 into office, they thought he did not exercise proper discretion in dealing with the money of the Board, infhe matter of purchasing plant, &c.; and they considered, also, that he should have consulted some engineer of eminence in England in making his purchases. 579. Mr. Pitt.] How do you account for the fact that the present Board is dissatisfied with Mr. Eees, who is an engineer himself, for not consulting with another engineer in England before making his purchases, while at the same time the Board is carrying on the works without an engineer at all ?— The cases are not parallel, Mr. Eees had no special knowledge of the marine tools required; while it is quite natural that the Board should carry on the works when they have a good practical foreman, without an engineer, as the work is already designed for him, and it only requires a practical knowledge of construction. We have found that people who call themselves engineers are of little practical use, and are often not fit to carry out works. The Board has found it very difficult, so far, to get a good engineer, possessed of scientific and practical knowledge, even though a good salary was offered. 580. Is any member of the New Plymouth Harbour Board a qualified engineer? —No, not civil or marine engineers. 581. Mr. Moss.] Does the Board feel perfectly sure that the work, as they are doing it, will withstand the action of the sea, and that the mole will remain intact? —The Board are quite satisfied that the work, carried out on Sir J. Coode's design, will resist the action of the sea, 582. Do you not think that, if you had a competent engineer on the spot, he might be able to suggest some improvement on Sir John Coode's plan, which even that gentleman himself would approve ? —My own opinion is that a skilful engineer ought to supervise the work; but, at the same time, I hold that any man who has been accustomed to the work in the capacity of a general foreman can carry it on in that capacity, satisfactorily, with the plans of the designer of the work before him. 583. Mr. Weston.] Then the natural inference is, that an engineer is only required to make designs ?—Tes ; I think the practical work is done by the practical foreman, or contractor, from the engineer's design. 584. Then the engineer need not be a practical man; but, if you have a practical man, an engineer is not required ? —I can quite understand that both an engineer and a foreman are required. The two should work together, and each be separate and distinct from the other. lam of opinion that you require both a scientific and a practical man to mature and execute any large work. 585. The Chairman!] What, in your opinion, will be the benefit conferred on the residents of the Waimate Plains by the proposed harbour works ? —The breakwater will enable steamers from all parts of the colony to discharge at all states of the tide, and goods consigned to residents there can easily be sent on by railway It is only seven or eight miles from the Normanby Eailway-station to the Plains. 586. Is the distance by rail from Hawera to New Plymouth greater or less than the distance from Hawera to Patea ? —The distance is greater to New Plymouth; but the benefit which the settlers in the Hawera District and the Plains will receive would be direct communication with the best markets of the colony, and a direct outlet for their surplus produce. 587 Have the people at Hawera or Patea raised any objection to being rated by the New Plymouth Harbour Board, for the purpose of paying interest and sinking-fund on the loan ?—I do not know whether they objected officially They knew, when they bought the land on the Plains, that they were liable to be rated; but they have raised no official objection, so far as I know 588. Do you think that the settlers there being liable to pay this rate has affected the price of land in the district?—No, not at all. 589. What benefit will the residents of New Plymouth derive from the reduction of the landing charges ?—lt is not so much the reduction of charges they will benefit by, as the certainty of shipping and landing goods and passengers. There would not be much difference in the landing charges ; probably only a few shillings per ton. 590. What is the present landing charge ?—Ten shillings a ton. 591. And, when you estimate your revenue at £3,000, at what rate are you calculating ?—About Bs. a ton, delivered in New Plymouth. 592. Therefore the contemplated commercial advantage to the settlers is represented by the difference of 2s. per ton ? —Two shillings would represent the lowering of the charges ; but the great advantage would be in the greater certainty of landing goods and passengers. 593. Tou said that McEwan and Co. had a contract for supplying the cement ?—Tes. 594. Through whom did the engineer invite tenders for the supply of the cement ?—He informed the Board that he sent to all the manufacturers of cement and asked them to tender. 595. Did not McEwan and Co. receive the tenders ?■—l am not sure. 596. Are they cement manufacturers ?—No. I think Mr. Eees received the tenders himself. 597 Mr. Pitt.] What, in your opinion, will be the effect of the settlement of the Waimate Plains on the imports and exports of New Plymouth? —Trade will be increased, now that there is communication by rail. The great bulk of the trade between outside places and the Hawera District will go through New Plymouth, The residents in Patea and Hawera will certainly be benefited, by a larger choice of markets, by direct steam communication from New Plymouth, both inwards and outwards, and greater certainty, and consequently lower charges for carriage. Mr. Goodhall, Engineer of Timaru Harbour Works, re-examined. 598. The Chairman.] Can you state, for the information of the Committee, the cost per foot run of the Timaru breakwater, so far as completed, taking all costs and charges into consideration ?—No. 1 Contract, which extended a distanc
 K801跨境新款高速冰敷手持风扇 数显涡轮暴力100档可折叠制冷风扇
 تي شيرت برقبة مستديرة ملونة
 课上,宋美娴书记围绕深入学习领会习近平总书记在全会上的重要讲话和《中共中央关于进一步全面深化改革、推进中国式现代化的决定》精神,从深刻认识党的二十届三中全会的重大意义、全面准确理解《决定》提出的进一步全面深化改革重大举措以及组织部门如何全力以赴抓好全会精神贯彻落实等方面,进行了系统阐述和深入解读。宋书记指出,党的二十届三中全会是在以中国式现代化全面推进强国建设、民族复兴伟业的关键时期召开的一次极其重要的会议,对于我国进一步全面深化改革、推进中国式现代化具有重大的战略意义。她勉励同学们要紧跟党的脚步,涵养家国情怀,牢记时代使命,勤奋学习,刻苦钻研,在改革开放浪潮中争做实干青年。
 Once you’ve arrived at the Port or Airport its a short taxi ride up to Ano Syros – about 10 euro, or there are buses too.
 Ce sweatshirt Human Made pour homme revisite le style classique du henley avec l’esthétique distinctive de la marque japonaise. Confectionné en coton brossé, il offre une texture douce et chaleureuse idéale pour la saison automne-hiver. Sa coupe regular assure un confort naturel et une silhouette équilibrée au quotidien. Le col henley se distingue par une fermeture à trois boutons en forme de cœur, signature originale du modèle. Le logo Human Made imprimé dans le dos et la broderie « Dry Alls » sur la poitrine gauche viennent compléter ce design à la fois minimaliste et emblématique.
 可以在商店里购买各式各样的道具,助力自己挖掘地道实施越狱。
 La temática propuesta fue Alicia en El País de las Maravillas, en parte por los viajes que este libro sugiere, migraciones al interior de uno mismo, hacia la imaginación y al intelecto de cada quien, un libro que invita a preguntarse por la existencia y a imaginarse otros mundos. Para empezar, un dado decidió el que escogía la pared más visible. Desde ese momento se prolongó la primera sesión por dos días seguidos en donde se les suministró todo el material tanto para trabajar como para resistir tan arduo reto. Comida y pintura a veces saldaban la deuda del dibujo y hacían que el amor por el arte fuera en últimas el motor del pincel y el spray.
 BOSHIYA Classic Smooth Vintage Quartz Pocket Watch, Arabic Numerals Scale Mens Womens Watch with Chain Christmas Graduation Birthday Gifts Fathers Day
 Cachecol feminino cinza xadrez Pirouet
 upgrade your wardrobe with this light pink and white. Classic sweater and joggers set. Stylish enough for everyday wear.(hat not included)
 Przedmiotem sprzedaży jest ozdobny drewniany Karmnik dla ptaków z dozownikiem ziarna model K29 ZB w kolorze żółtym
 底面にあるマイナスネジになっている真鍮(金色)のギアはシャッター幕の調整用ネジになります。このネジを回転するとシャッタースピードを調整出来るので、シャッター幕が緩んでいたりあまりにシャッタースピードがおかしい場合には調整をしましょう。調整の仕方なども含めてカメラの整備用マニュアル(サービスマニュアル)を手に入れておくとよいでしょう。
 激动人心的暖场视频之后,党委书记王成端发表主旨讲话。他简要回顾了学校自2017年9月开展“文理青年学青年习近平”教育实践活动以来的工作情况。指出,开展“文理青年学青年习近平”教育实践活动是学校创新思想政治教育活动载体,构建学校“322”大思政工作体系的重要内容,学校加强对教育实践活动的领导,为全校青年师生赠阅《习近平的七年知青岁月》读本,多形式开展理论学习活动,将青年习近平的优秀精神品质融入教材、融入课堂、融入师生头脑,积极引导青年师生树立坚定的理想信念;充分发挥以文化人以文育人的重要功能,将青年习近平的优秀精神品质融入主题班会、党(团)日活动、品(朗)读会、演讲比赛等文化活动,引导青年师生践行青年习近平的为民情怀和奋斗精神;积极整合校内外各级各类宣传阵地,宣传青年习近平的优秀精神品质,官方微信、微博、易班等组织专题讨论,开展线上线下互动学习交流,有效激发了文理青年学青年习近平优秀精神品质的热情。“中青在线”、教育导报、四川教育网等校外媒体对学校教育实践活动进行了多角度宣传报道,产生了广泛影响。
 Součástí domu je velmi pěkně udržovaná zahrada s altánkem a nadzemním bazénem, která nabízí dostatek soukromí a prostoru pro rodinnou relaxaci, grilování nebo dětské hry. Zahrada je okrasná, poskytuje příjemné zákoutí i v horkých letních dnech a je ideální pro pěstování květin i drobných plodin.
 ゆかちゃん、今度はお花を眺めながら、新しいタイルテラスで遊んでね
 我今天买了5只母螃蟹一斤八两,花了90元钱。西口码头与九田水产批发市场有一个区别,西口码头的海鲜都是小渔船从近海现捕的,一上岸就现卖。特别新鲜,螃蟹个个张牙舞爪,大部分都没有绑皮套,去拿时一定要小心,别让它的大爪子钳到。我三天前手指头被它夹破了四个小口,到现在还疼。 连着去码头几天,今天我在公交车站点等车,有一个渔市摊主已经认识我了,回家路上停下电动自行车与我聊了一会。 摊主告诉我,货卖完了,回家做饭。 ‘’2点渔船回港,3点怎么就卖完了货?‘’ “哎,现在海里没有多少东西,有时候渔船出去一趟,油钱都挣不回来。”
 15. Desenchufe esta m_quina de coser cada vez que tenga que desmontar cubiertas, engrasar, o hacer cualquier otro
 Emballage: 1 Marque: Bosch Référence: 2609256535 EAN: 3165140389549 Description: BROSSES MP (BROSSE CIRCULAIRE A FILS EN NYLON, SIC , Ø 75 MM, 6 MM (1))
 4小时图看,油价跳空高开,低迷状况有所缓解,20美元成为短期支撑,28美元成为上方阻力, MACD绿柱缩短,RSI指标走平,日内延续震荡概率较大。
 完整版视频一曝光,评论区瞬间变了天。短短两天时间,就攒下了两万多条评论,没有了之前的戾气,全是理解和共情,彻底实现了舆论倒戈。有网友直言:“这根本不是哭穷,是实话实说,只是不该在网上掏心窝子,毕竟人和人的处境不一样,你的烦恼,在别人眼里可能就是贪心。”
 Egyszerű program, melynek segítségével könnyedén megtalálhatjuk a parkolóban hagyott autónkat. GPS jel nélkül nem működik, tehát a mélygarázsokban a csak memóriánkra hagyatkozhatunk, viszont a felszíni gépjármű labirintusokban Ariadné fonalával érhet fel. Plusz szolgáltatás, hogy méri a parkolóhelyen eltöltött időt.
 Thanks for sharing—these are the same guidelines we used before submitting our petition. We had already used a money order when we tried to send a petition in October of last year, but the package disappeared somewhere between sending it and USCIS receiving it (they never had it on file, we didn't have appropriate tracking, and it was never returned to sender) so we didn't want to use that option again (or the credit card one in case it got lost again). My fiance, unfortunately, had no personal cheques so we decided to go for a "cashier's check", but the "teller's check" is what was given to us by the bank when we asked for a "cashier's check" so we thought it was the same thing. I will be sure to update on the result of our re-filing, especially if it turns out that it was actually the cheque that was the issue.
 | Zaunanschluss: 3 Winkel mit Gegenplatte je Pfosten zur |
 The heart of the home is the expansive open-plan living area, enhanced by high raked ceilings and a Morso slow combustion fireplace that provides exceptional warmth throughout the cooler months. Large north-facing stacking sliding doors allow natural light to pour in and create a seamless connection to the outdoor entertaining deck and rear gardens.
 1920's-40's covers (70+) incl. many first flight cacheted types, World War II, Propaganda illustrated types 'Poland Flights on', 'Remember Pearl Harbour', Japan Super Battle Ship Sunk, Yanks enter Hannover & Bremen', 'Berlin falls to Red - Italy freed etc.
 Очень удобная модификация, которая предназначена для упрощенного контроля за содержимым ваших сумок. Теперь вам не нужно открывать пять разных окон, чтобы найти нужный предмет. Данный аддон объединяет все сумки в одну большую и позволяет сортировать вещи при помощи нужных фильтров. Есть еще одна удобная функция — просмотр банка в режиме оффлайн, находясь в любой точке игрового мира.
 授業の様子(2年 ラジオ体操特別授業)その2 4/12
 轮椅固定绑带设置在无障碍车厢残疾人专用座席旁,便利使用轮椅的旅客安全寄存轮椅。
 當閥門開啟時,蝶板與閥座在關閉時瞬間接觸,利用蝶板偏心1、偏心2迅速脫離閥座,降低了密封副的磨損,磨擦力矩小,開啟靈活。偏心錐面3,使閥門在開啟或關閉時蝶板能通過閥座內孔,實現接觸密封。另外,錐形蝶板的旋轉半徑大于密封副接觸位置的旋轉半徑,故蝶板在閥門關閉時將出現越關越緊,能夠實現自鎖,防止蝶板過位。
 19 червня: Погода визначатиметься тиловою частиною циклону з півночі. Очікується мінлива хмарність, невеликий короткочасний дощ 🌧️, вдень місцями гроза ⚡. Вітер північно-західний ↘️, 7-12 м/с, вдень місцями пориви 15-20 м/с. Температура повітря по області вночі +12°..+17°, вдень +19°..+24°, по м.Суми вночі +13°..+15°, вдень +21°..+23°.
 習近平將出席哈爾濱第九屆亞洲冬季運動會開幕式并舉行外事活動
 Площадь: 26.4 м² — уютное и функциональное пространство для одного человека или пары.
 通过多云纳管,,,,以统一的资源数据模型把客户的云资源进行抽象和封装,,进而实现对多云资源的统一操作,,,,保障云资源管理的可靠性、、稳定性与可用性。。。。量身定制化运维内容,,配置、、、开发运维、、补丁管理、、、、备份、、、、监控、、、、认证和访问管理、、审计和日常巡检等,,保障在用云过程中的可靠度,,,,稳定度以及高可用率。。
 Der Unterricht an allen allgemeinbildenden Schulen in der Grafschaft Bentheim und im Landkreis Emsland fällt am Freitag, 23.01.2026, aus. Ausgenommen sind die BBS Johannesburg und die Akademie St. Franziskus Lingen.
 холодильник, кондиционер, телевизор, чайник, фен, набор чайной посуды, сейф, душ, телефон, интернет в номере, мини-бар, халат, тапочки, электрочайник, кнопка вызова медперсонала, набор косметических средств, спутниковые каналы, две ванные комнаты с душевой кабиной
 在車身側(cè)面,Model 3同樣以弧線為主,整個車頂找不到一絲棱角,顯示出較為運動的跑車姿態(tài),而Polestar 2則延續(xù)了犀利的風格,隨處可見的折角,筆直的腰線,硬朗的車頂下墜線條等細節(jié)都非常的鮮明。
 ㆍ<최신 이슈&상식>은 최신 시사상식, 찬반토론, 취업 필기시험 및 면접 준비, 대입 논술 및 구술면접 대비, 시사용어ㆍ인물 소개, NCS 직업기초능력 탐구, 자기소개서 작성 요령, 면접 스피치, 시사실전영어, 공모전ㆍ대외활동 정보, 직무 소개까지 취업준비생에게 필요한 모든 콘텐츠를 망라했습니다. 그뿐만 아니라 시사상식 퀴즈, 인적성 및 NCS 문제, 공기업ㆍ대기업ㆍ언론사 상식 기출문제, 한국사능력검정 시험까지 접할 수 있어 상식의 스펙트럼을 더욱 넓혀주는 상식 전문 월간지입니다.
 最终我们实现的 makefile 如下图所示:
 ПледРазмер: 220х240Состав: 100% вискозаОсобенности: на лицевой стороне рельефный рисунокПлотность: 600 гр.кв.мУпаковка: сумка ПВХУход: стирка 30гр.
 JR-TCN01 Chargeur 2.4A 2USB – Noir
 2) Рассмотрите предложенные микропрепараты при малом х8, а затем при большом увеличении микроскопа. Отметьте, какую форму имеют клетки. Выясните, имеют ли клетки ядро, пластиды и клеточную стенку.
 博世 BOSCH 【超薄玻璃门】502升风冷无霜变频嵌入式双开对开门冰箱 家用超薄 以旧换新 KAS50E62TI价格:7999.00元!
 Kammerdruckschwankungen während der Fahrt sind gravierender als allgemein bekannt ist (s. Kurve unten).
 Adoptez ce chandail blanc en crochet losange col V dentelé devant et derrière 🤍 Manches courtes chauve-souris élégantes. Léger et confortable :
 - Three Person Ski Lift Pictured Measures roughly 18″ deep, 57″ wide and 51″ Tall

▸ Your assignment
Using the listing above, say how many of its lines contain "sind", and give no other words.

▸ Answer to this task
2